Sunday, April 5, 2015

Here I Go Again

Natasha and I had great intentions when we decided to create this blog earlier this year. We had hoped that blogging would help us motivate ourselves (and motivate each other) to stick with it... to keep up with goals we had each set for ourselves at the beginning of the year. As you can tell, neither of us have kept up with the blog so far. And despite the optimism I presented in my last blog post, my dedication has significantly waned.

In my last post, I mentioned that I had recently fallen back on bad work habits. I have a tendency to do this. I want to make others happy and I don't like to burden anyone, so I take on more than I should. That said, I promised to be better. I promised to say no, and I promised to only take on what I could. And I failed. Miserably. March became a month of too much. I worked too much overtime, repeatedly staying past "lights out." I took on too many projects. I committed to too many things. Yet... the things that I should have committed more to? The things that I was hellbent on changing this year? The things that Natasha and I are blogging about in this blog? Yeah... those things I didn't pay much attention to at all. And I've been miserable, sad, tired, and angry. 

What the hell, man?!? Why is it that I'm able to forgo a social life, forgo a healthy lifestyle, and overly commit to work when I seemingly can't (read: won't) commit to something better? To things I am actually passionate about? Am I a masochist? Do I really derive some sort of pleasure from avoiding things that I enjoy?

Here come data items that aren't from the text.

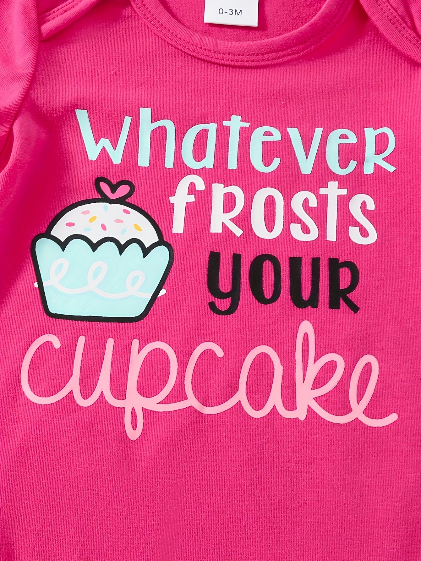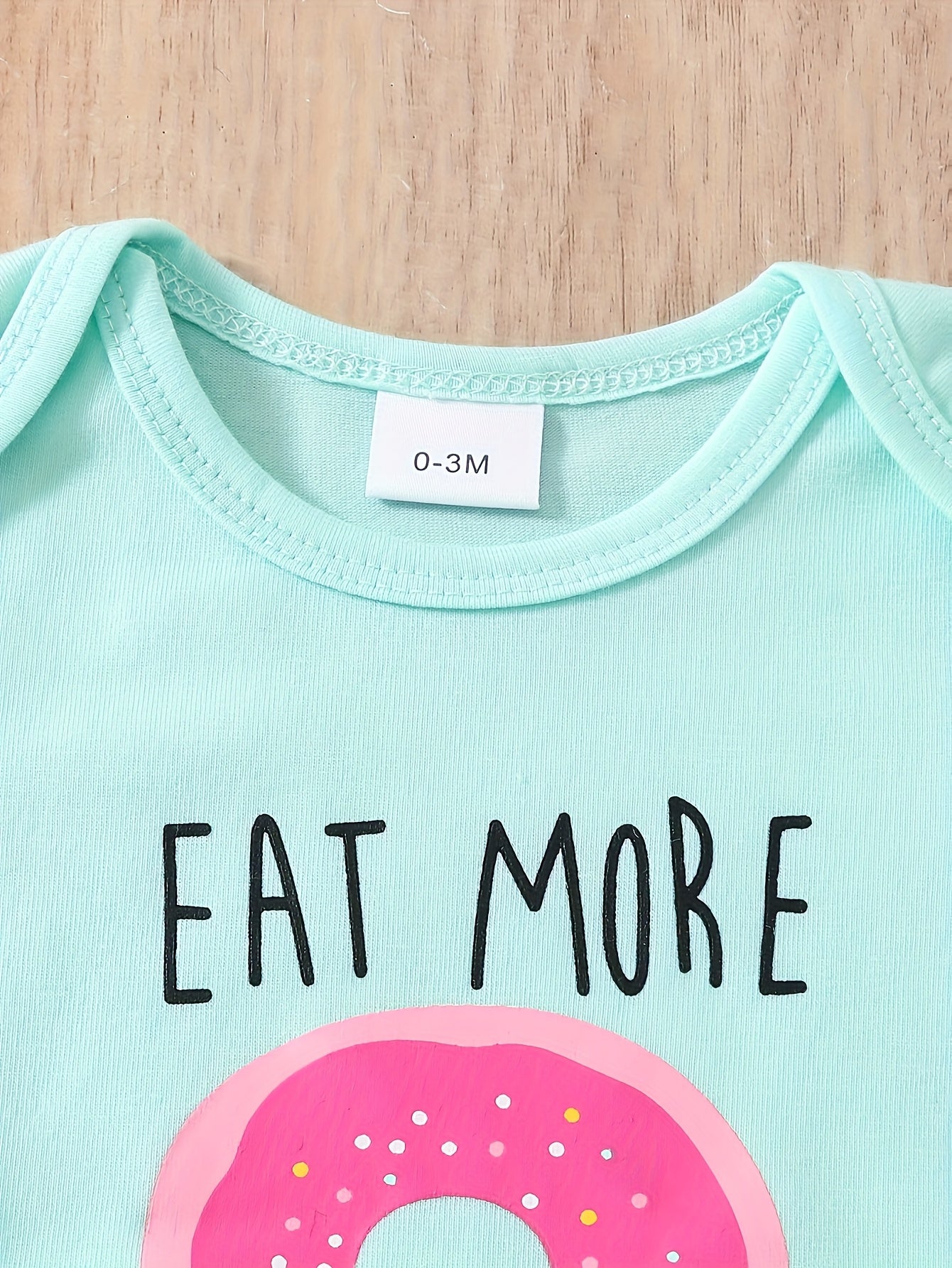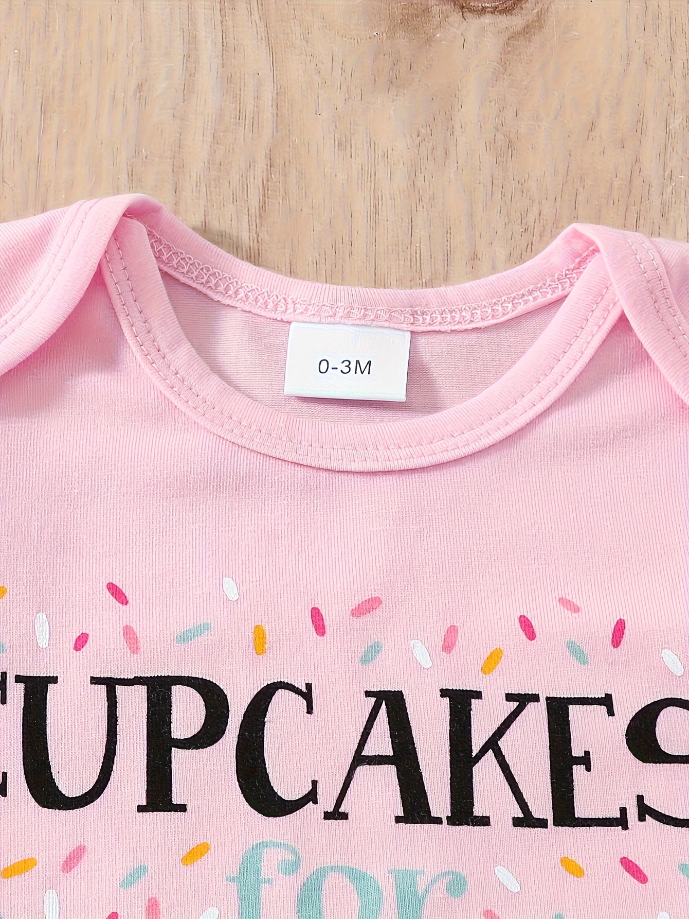 [Cute Romper] 6pcs Cute Cartoon Cupcake & Donut Print Baby Girl's Short Sleeve Romper Set | Polyester, Round Neck, All-Season Casual Wear, Playful Design for Little Ones
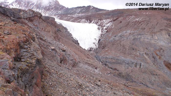 W tym miejscu warto uzupełnić zapas wody. Następnie wzdłuż wielkiego polodowcowego leja posuwamy się pośród coraz większych głazów w kierunku coraz bliższego Kazbeka. Po prawej stronie widać czoło lodowca. Można zejść na dół i w tym miejscu zakończyć spacer, my jednak chcieliśmy podejść wyżej w pobliże stacji meteo i zagłębić się nieco w lodowiec.
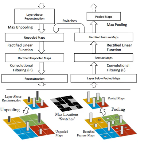ZFNet은 사실 AlexNet의 구조와 큰 차이가 없다. 실제로 AlexNet에 쓰였던 parameter를 살짝 손본 정도인데 성능이 향상되었다. parameter를 손본 기법에 대해서 알아보자. CNN를 잘 training하려면 intermediate layer에 그 filter들이 어떻게 학습되는지를 잘 봐야된다는 것이다. 실제로 filter를 학습하는 방법이 ZFNet이 나오기 전에는 없었다. 여기서 나온 방법이 Deconvnet이다. Rectified Feature Maps을 보면 max pooling을 할 때 값들이 Pooled Maps로 이동하게 된다. 이 값들이 ReLU를 적용한 다음 계속 위로 보내게 된다. 활성화된 픽셀(max pooling 된 값)의 위치를 기억해두고 똑같이 ReLU함수를 적용하여 unpooled하게 된다. 이런 과정을 통해서 Reconstruction을 하면 filter를 볼 수 있다는 것이다.
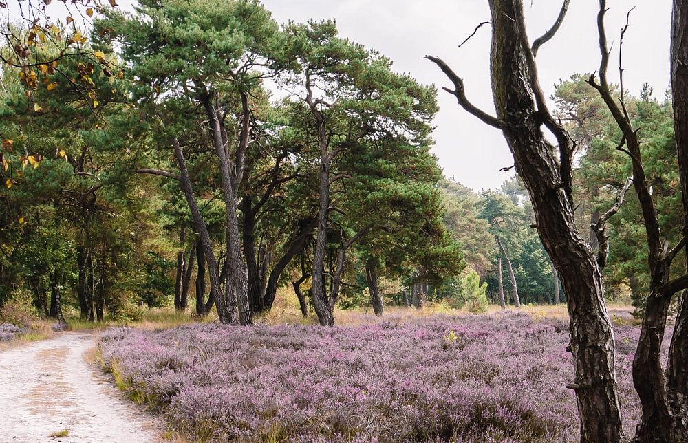 Mitte August, als das Heidekraut prächtig blühte und ein wunderschönes Purpurrosa ausstrahlte, hatten viele Bäume bereits mit der Trockenheit zu kämpfen, und die Blätter wurden hier und da braun und fielen zu Boden. Das kann man auch hier sehen, mit den Blättern im Vordergrund auf dem Weg. Damals ein trauriger Anblick, aber für das Foto war es ein schönes Motiv. Der Weg führt Sie schön durch das Bild und macht Sie neugierig auf das, was als nächstes kommt.
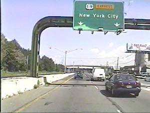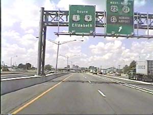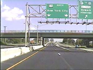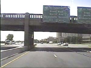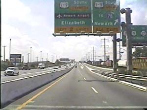 | This is the Pulaski Skyway Approach express lanes, US 1&9 south, at exit 45(I-95, New Jersey Turnpike, Dowd Avenue, North Avenue, Elizabeth Seaport) in Elizabeth. Filmed August 25, 2000. |
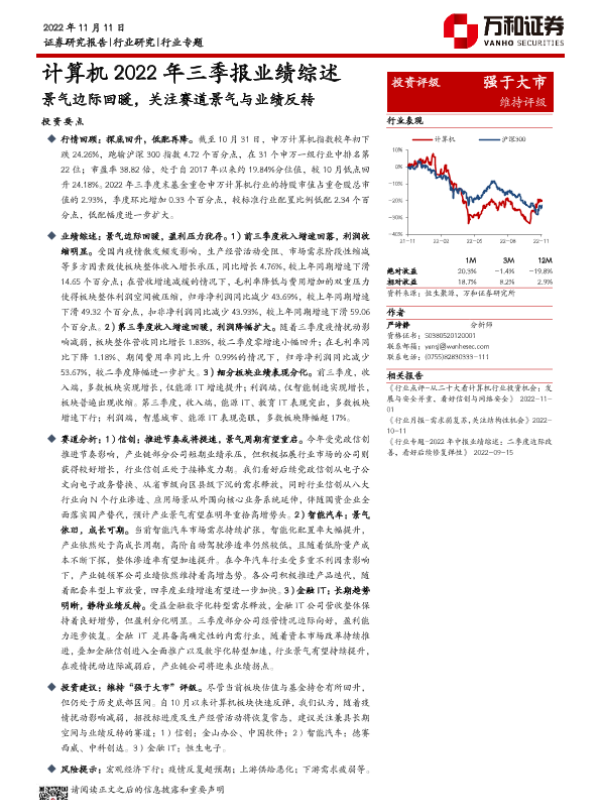 【万和证券】【20221111】计算机2022年三季报业绩综述:景气边际回暖,关注赛道景气与业绩反转-16页
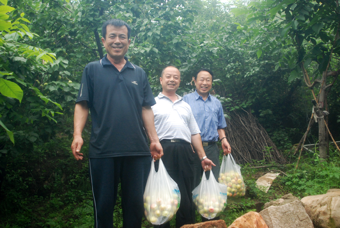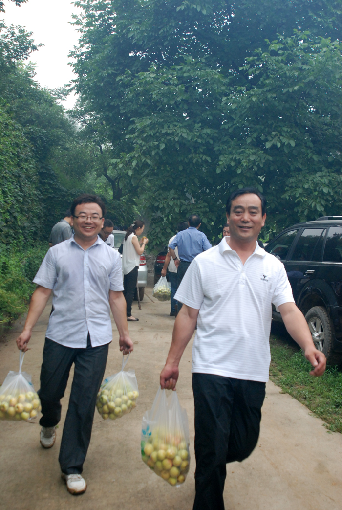 從京承高速公路下道,兩輛大巴車沿著崎嶇山路緩慢行駛。山道兩側(cè)灌木郁郁蔥蔥,置身于這天然氧吧,清新的空氣順暢地能讓人一下子呼吸到了丹田而心神氣爽。一路上,路邊采摘的果園比比皆是。空氣中那果實散發(fā)出的清香,直入心脾,令人口舌生津。
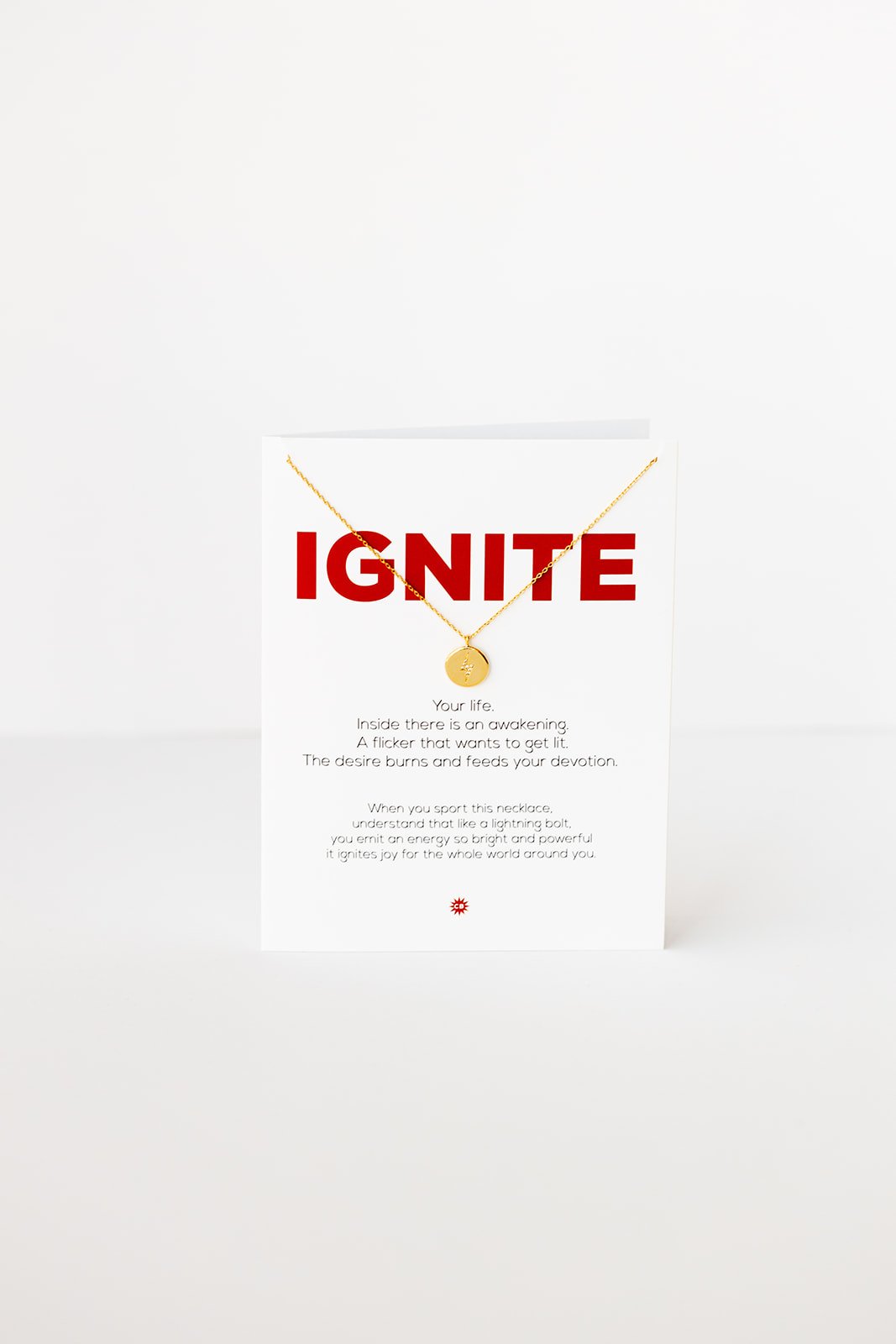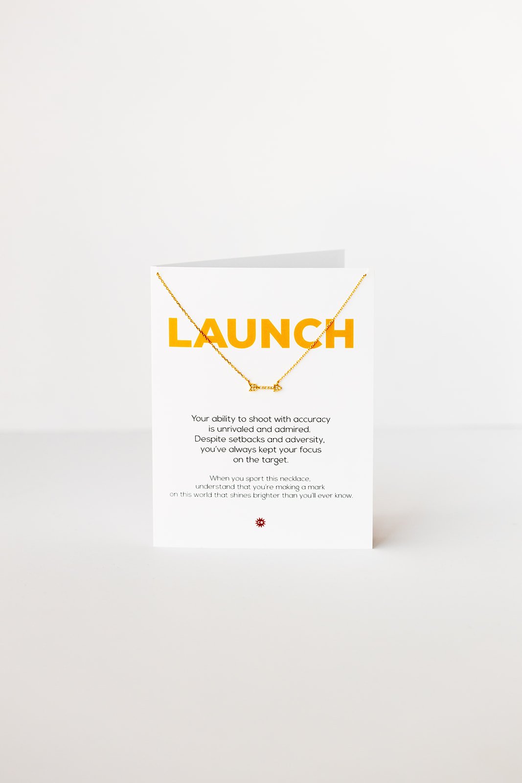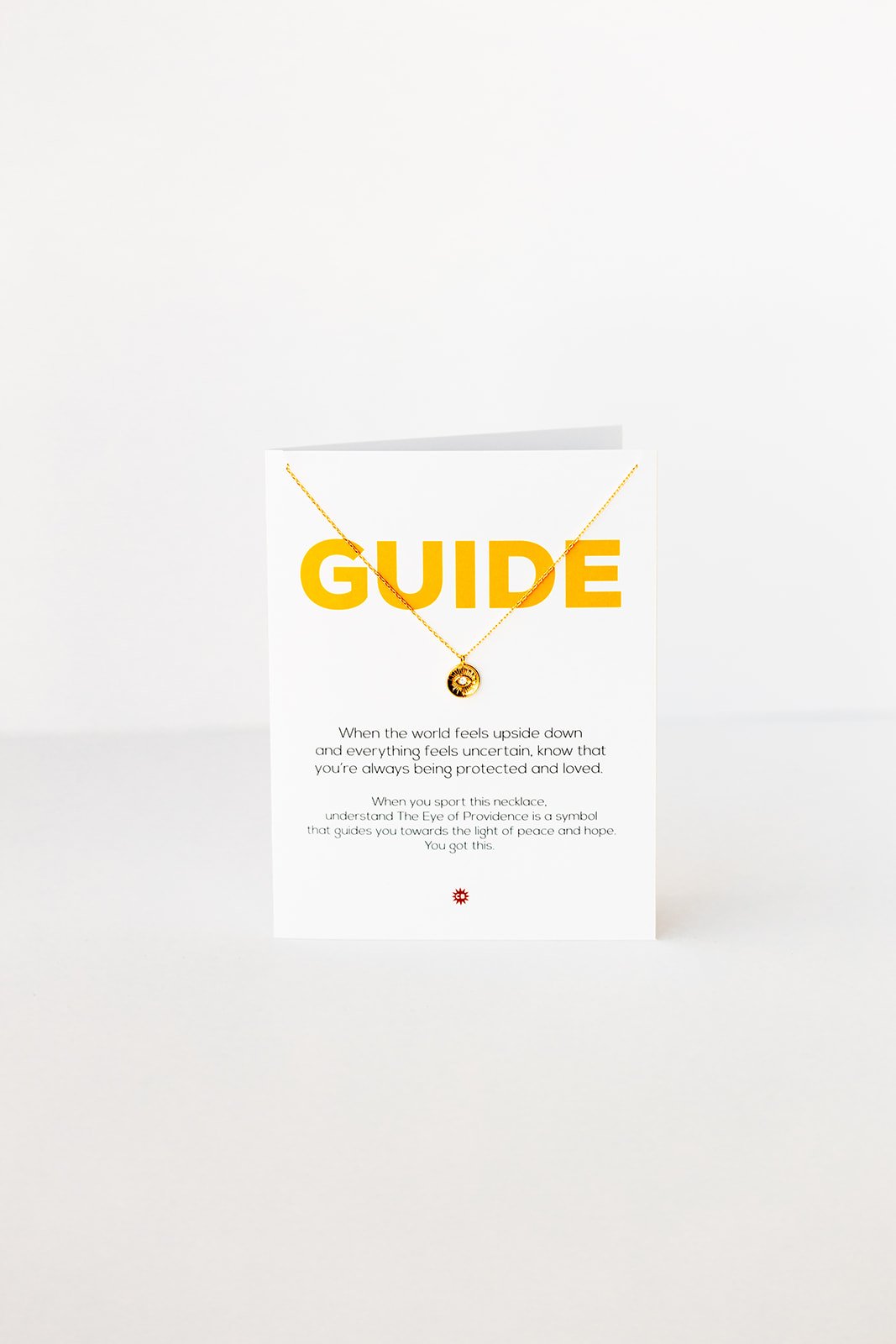 - necklace hangs on a 4.25 X 5.5 greeting card with gold metallic envelope
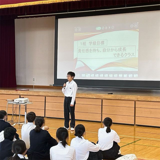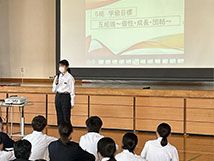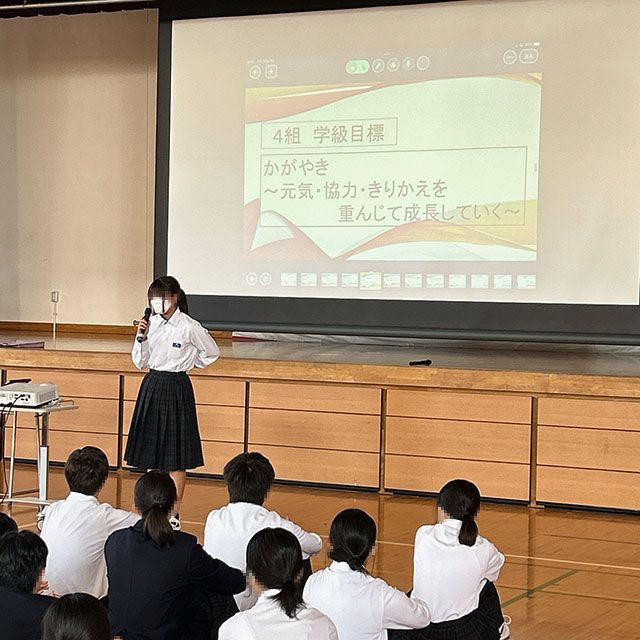 学年集会で各クラスの学級目標を発表しました。
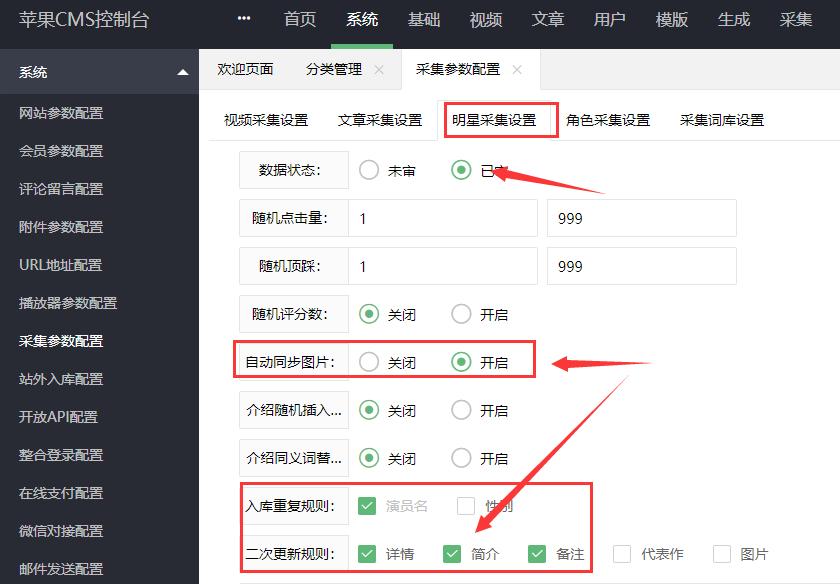 后台找到“系统”、“采集参数配置”,视频采集设置,然后安装图中所示设置,主要开启自动同步图片、入库重复规则勾选上分类,二次更新规则勾选上播放地址、下载地址和备注;其他不用勾选,然后保存即可。
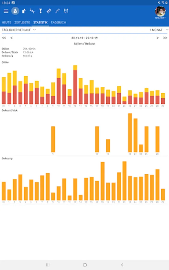 - Graphical analysis of the logged daily breastfeeding times and meals.
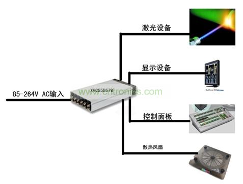 設備總功率約為1,100W,滿足醫療設備認證,需要四組不同直流輸出,首先是大電流的48V、20A用於激光設備, 其次需要一個18V用於LCD顯示器,再次需要一個5V用於控製麵板,最後還需要一個12V用於係統散熱風扇。這個客戶找了很多品牌的產品都無法定型,因為電源係統太複雜,價格太高,占用的空間太大,最後他選擇了Excelsys,在40.5×260×127mm(1U高)的封裝內解決了問題。
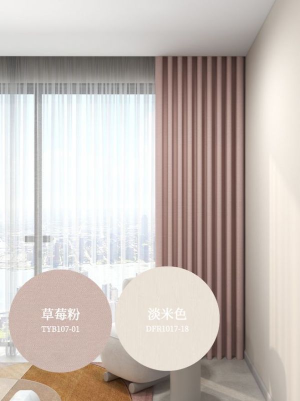 ② 窗帘颜色:粉色 | 墙布颜色:淡米
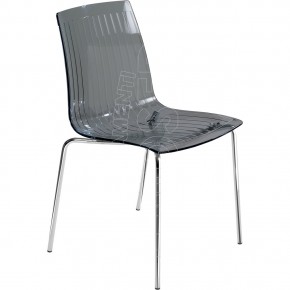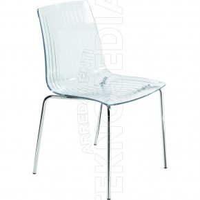 Sedia impilabile con scocca in policarbonato trasparente o lucida e struttura in tubo di acciaio. Seduta dalla linea elegante e contemporanea. Adatta per arredare caffè, bar, ristoranti, hotels, locali, uffici. Per uso interno ed esterno
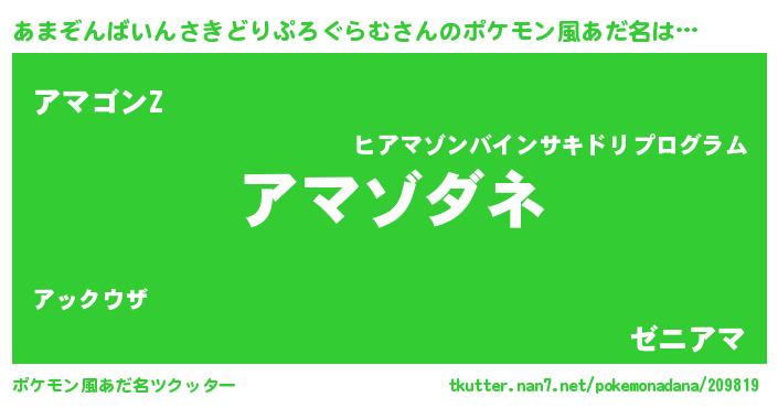 | ファンタジー風あだ名 | 『エターナルアマゾンバインサキドリプログラムー』 |
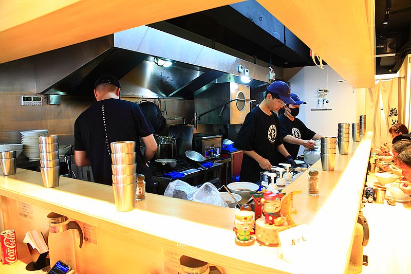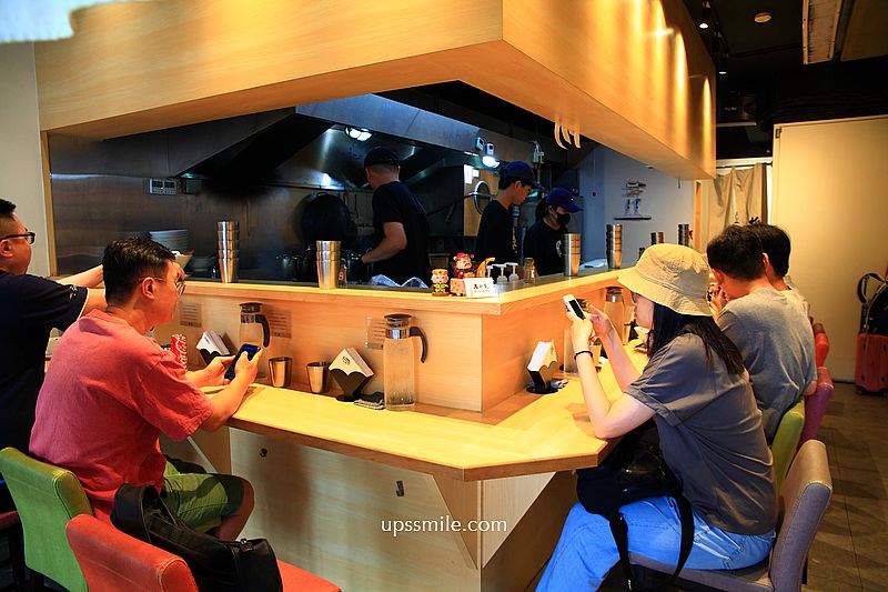 日式裝潢拉麵店,宛如到了日本拉麵店用餐氛圍,打造傳統拉麵店設計,簡約乾淨明亮日式氛圍,桌邊吧檯位置,近距離可見眼前料理過程,拉麵上桌很快,翻桌率高,不用擔心等很久。

About a week ago, I met someone who has completely dedicated their life to fitness. He lives and breathes it, and spends his free time helping others do the same. Talking to him and hearing the passion he has for the gym reminded me how much I really do love working out. I know, I know... a chubster like me with an affinity for cupcakes surely can't be serious. And a chubster like me surely is a chubster because I don't like working out... right? But... I love pushing my body to do things that I didn't think chubster non-athletes could accomplish. I love the feel of sweat on my brow. I enjoy watching my heart rate climb in parallel with the incline on the treadmill. Will I ever look like my new friend or his friends? No. Is that ok? Hellz yes! 

I make many promises to myself, and rarely keep them. A healthy person does not do healthy things as a fad - they choose to make their health a lifestyle. And yes - I said choose. We do not have to settle for mediocrity. We do not have to settle for unhealthy lifestyles that make us tired, sick, and depressed. So why do we do it? Why do we let ourselves fall to such dangerous and unhealthy habits? Why does anyone do things that don't promote a happier self?

I have many, many goals for the remainder of 2015. Some of these goals align with this blog, some don't. But... in an effort to be a happier, healthier Becks... I'm going to put a concerted effort into each and every one of them. I don't want this blog to be a cliche, rife with broken promises and unrealized dreams. I'm 35 freaking years old, dang it... Life is short, and it passes by quickly. I don't want to blink and miss it! Here's hoping I have a new blog post soon to update you on my progress. (And for the one reader who actively tells me to keep this up... thank you! This week's workouts are for you, my friend!).

Cheers!

Becky

1 comment:

  1. Way to go Becky! It's going to be hard but you can do it, one milestone at a time!